Don’t tell me it’s just the other woman or guy: are YOU doing it as well? Are you stopping someone in a conversation who engages in anti-semitism? Are you walking out of a conversation belittling the hard working Guatemalan-American guy working four jobs so he can send his kids to private school? Are you lauding bipartisan negotiation with a call to support your Senator when he talks with the other party on a piece of legislation?
What are you or I doing?
If you believe that the shattering rhetoric about other people destroys our society, then stop participating in every single way you can.
When Jews sought to build a Jewish state in the face of anti-Semitic pogroms in the Pale of Settlement at the end of the Nineteenth and early Twentieth centuries, a single Jew largely argued he would not continue speaking Yiddish or Polish or any other imported language. Eliezer ben-Yahuda worked day by day, step by step to create modern spoken Hebrew as the lingua franca of Jews in what is now Israel. It did not happen overnight but it happened by repeated actions and persistence in the face of lethargy by others.
I have noted here several times that service dog training relies completely on positive reinforcement without providing even the smallest hint of reinforcement to negative behaviours. The same is true for how we can change our politicians current behaviour if they want to represent us. We hold the power, not them.
We can walk away from the current hatreds, distrust, utterly dehumanising rhetoric an assumptions if we want to. We currently don’t seem to care but it is shredding our society. We are empowering people who seek to destroy all this country has built because they are unwilling to look for inclusive manners to discuss differences. Attacking someone for differences is never a solution and is unsustainable over the long term as differences exist.
Differences are normal human intercourse, friends.
And they always will be. Can we manage differences through perpetual litigation, creating parallel school systems, dismissing someone because of her state or region of origin as either naive, uneducated, or liberal? These are meaningless terms we have empowered to substitute for analysis, thought, and exchanging of ideas.
We can change this if we want to.
Punto final: if we want to do so.
A friend wrote me the following last night that is worthy of a reminder to all of us, regardless where we are on the political spectrum (which after all is a spectrum rather than a yes or not vote):
‘… a number of Russians whom I knew told me that "It is no accident we got Stalin." If almost half my fellow citizens {in the United States} continue in effect to ignore the constitution and laws in their vote, it will be no accident that we lose our rule of law and our liberties. I fully agree with you that this should not be a partisan question. That it clearly has become one for many people bodes ill for our country.’
I agree with my friend above and don’t want to sacrifice the most fundamental steps of this country for my kids, grands, and others.

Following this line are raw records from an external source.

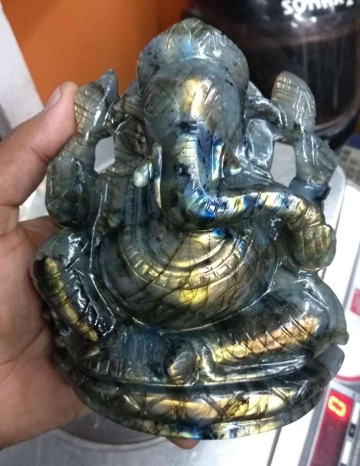 รูปปั้นทางศาสนาพระพิฆเนศลาบราดอไรต์แกะสลักด้วยมือรูปปั้นทำด้วยมือทำจากอัญมณีธรรมชาติขนาดตามต้องการ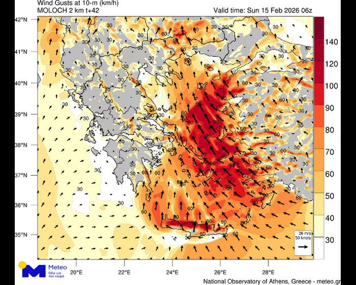 Σημειώνεται ότι οι ριπές του ανέμου αναμένεται να ισχυρές ακόμα και στη στεριά με έμφαση στη Κρήτη και στα υπόλοιπα νησιωτικά τμήματα του Αιγαίου όπως διακρίνεται και στην παρακάτω ομάδα χαρτών για τις πρωινές και μεσημβρινές ώρες της Κυριακής 15/02.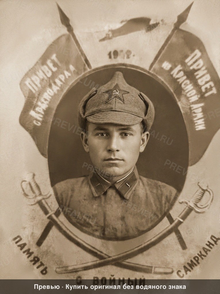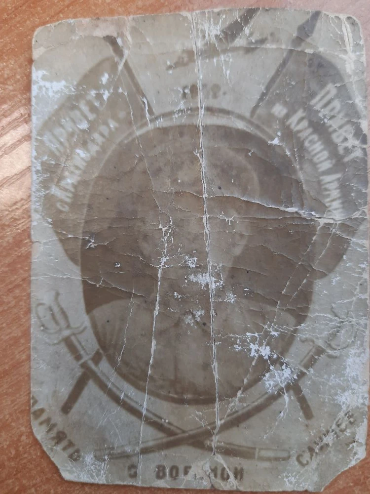 Professionally restore and high-fidelity enhance this historical sepia photograph of a single Soviet Red Army soldier from the early 20th century. **RESTORATION TASKS:** Remove all physical damage across the entire frame. This includes the prominent vertical and horizontal crease lines, deep white cracks and paper losses (especially the large vertical tear through the center), the flaking/chipping at the top and left edges, and the heavy surface mold spots and white abrasions scattered throughout. Reconstruct the lost segments of the decorative frame, the crossed sabers at the bottom, and the two fluttering flags at the top. Precisely restore the Cyrillic text elements: "Привет из Красной Армии" (Greetings from the Red Army) on the right banner, "Привет из Самарканда" (Greetings from Samarkand) on the left, and the inscriptions at the bottom. **UNIFORM QUALITY & ENHANCEMENT:** Apply a uniform, high-definition sharpness to every millimeter of the image. The central portrait of the soldier—showing his facial features, military cap (Budenovka style), and uniform—must be sharp, but the surrounding graphic elements must be equally crisp. Background flags, the texture of the banners, the ornate hilts of the crossed sabers, and the surrounding text must receive the same level of micro-detail and resolution as the face. There is to be NO depth-of-field or background blurring; the entire graphic composition must be in flat, sharp focus from edge to edge and corner to corner. **TONAL FIDELITY:** Maintain the authentic, warm monochromatic sepia-toned character of the original photograph. Do not convert to grayscale or add artificial color. Recover lost shadow detail in the soldier's silhouette and improve micro-contrast to make the faded details pop against the background. Eliminate film grain while preserving the original paper texture. The final result should look like a pristine, unblemished archival print of the original 1920s-era military keepsake. ABSOLUTE RULES — NEVER VIOLATE: - DO NOT add, invent, or hallucinate any part of the image that is not in the original - DO NOT change the framing or composition — keep it exactly the same - DO NOT add any new damage, folds, creases, tears, dark borders, vignettes, or artifacts - DO NOT change, replace, or alter any person's face, body, or identity - DO NOT add or remove any person or object - DO NOT modernize clothing, hairstyles, or any visual elements - Keep the exact same framing, crop, and aspect ratio as the original - UNIFORM QUALITY: Process the ENTIRE image with equal attention — foreground flowers/textures, background elements, and edges must have the SAME sharpness and detail as faces. Do NOT leave any area blurry, simplified, or less detailed than another - SKIN COLOR: Eastern European skin = pale/medium, cool-neutral tone. NEVER red, orange, or overly warm. NEVER airbrushed or plastic - COLOR SATURATION: Keep overall saturation LOW TO MODERATE — muted analog film look, NOT vivid digital colors` - Preserve original tonal character: sepia stays sepia, black and white stays black and white - Apply uniform sharpness to the ENTIRE image — background and foreground equally. NO background blur - DO NOT smooth, airbrush, or beautify faces — preserve natural skin texture exactly as in the original
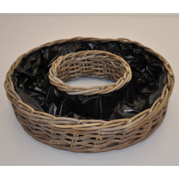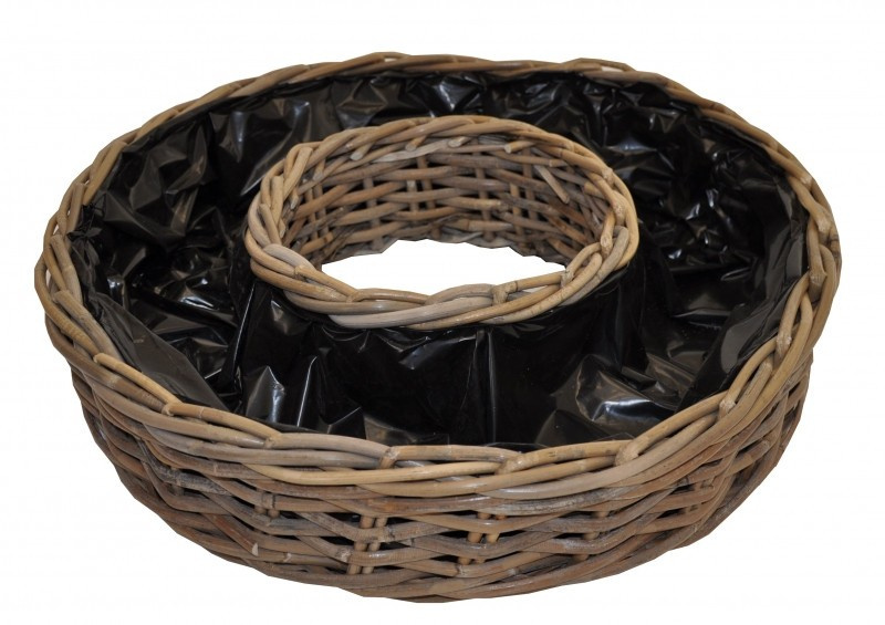 Ratanový košík je vyroben z přírodního ratanu kubu. | Průměr truhlíku je 50 cm, výška 11,5 cm. Průměr vnitřního kruhového otvoru je 21 cm. Košík je vyplněn černou plastovou folií. Košík je vhodný k osázení okrasnými či sezónními rostlinami.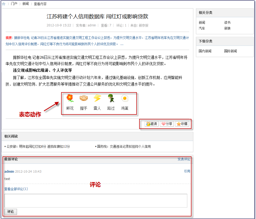 - 在门户应用下,包括**资讯、专题与频道**三大版块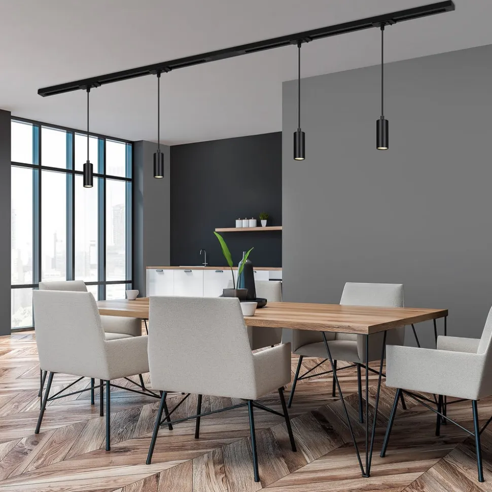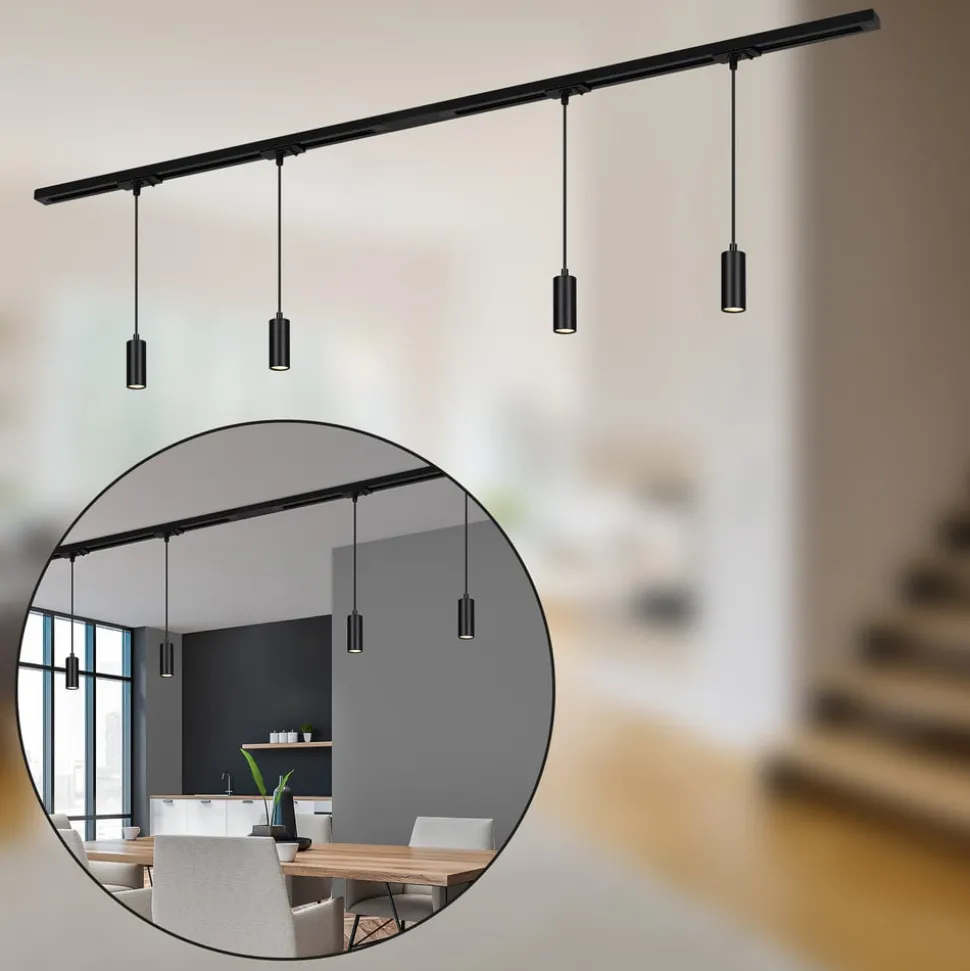 RAIL 230 V skinnesystem, sort, 4 LED-pendler, længde 1,5 m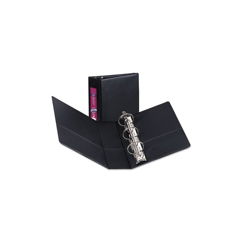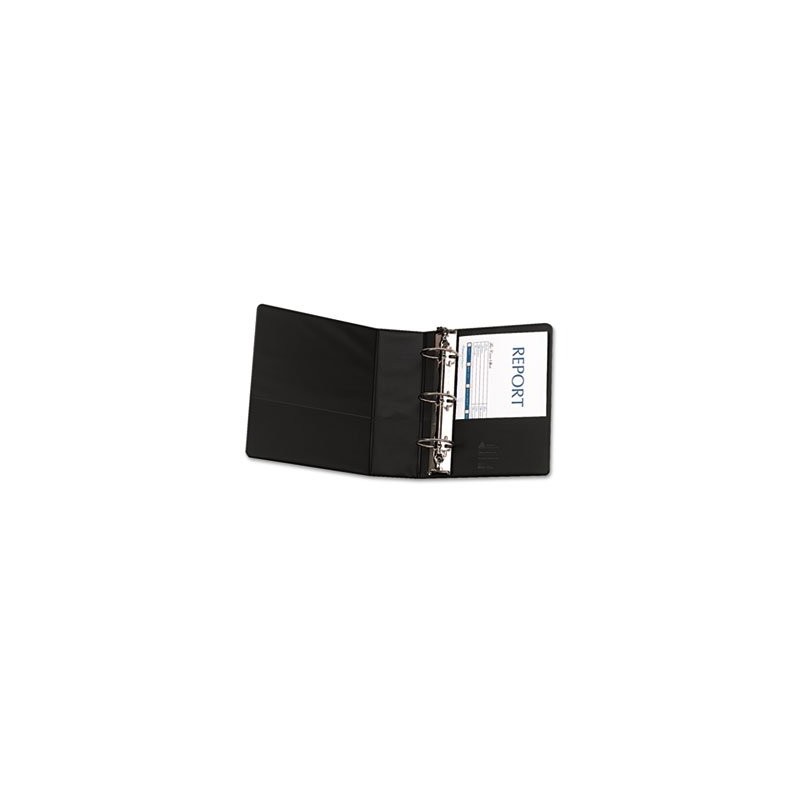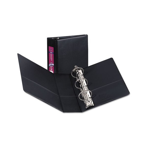 Compact size helps you organize your day?ideal for note-taking and it fits comfortably in smaller bags, briefcases and glove boxes. Durable construction for frequent reference. Two interior pockets for organization. Panels cover standard dividers and sheet protectors. Pages lie flat with back mounted rings. For quick identification of contents. Capacity Range [Max]: 2""; Sheet Capacity: 375; Color(s): Black; Binder Sheet Size: 5 1/2 x 8 1/2.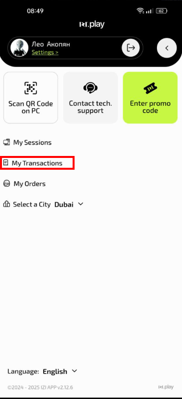 Why this matters: All financial operations are linked to your account and stored in the personal profile section.

Are partisan designators without any further consideration really worth plunging us into the horrors of losing our rule of law and our liberties? That is what we are hearing too often and where our hatred across the political landscape are taking us.
Actions create consequences—good and bad. Are we really so weak we are going to throw two hundred fifty years of work away because we see the other side as so evil? We have the power to strengthen what behaviours we want, then policies can follow.
You and I have that power right now as Dorothy had the power to get home to Kansas but thought it was elusive. No, but we have to be disciplined to support what we desire rather than falling prey to the unseemly, taking the bait for the destructive voices anywhere we hear them.
Thank you for reading this. If I sound urgent, I feel things slipping away from us as a society. What do you see? What actions have you taken lately to reinforce the good? Share them, please.
Actions create consequences is my humble attempt to spur conversation. I am not always right nor is anyone else. But, I am always right if I only talk with myself. This is your chance to talk with others in a measured, safe manner.
A pro pos my feelings, the fog set in at about 0515 this morning. I could not see the Maryland State House across the Creek, much less the Academy lights.